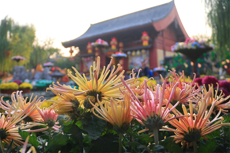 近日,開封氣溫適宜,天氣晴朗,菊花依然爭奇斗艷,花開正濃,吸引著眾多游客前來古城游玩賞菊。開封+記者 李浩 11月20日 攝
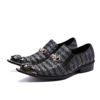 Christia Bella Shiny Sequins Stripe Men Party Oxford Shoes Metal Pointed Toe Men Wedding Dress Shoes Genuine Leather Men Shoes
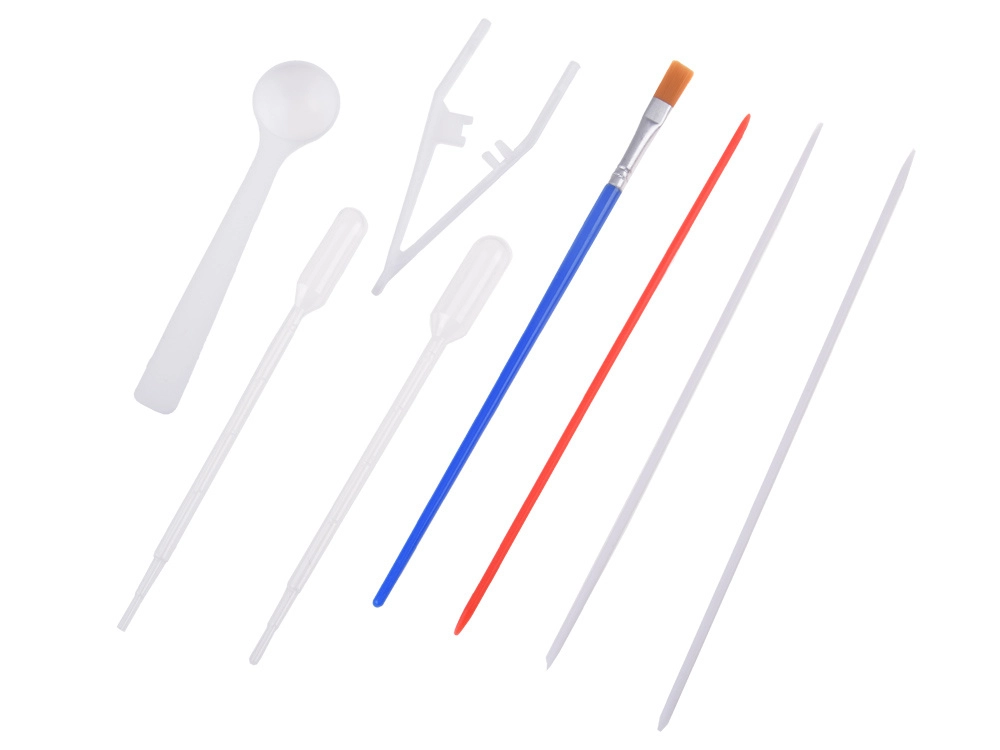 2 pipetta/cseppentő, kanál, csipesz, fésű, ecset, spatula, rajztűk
□ □ □ □ □
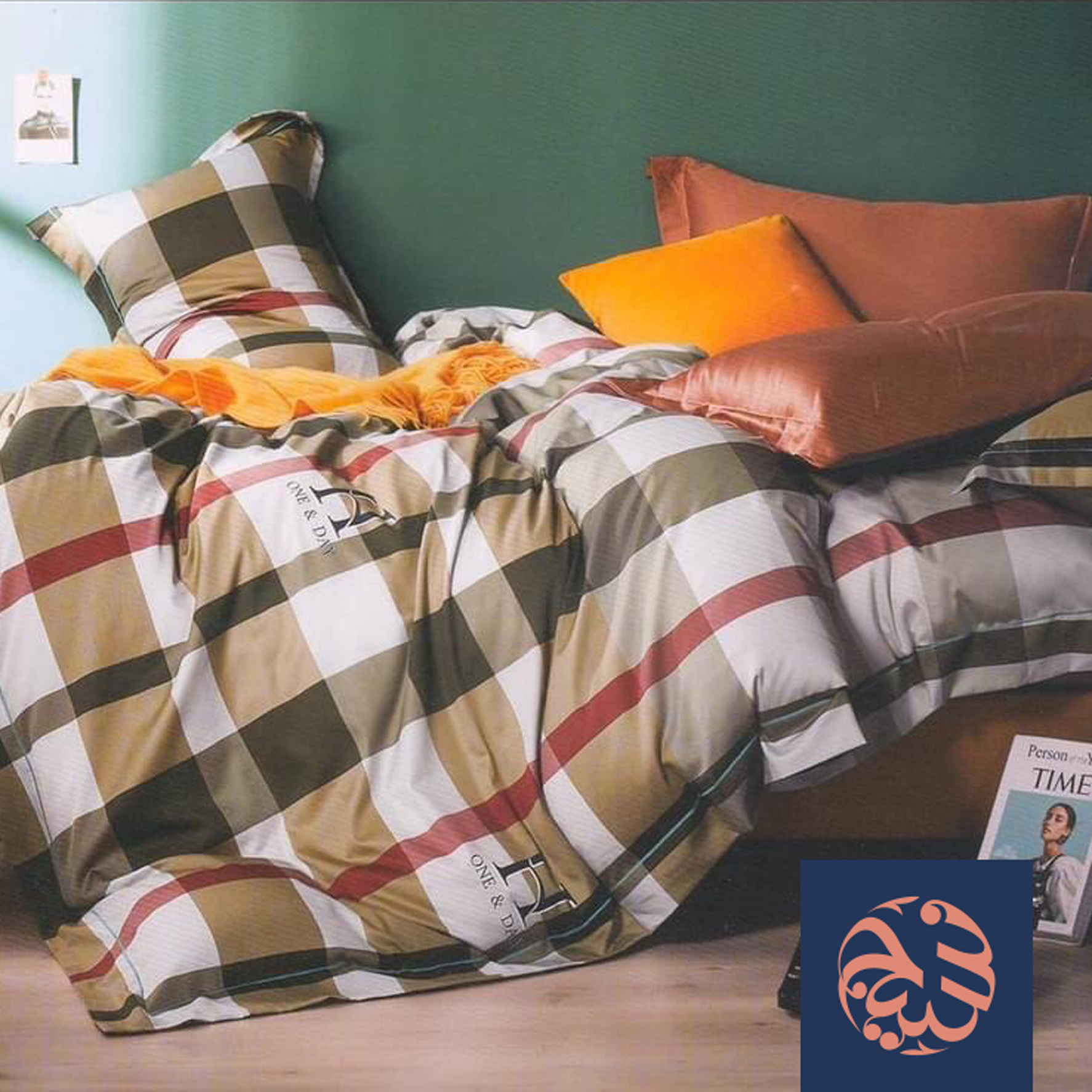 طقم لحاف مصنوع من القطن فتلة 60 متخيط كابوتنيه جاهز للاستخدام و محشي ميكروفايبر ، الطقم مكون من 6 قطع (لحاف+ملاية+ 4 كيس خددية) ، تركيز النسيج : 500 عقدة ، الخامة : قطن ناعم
□ □ □ □ □
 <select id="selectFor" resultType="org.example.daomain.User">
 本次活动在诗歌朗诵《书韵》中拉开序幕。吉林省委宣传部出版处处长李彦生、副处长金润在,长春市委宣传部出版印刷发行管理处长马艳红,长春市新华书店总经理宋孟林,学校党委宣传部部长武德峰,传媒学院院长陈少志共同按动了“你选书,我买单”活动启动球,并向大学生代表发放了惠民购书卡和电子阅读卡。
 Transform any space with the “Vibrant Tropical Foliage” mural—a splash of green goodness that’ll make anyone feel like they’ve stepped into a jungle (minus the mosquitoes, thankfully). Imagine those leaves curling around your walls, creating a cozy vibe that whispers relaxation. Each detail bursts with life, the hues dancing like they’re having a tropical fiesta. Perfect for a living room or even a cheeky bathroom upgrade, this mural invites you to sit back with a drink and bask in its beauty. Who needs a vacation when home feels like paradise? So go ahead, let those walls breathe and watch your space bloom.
□ □ □ □ □
- Task to complete:
Return only the lines between the one holding "本次活动在诗歌朗诵《书韵》中" and the one holding "Transform any space", inclusive, exactly as they appear above.

- Reply to the exercise:
 本次活动在诗歌朗诵《书韵》中拉开序幕。吉林省委宣传部出版处处长李彦生、副处长金润在,长春市委宣传部出版印刷发行管理处长马艳红,长春市新华书店总经理宋孟林,学校党委宣传部部长武德峰,传媒学院院长陈少志共同按动了“你选书,我买单”活动启动球,并向大学生代表发放了惠民购书卡和电子阅读卡。
 Transform any space with the “Vibrant Tropical Foliage” mural—a splash of green goodness that’ll make anyone feel like they’ve stepped into a jungle (minus the mosquitoes, thankfully). Imagine those leaves curling around your walls, creating a cozy vibe that whispers relaxation. Each detail bursts with life, the hues dancing like they’re having a tropical fiesta. Perfect for a living room or even a cheeky bathroom upgrade, this mural invites you to sit back with a drink and bask in its beauty. Who needs a vacation when home feels like paradise? So go ahead, let those walls breathe and watch your space bloom.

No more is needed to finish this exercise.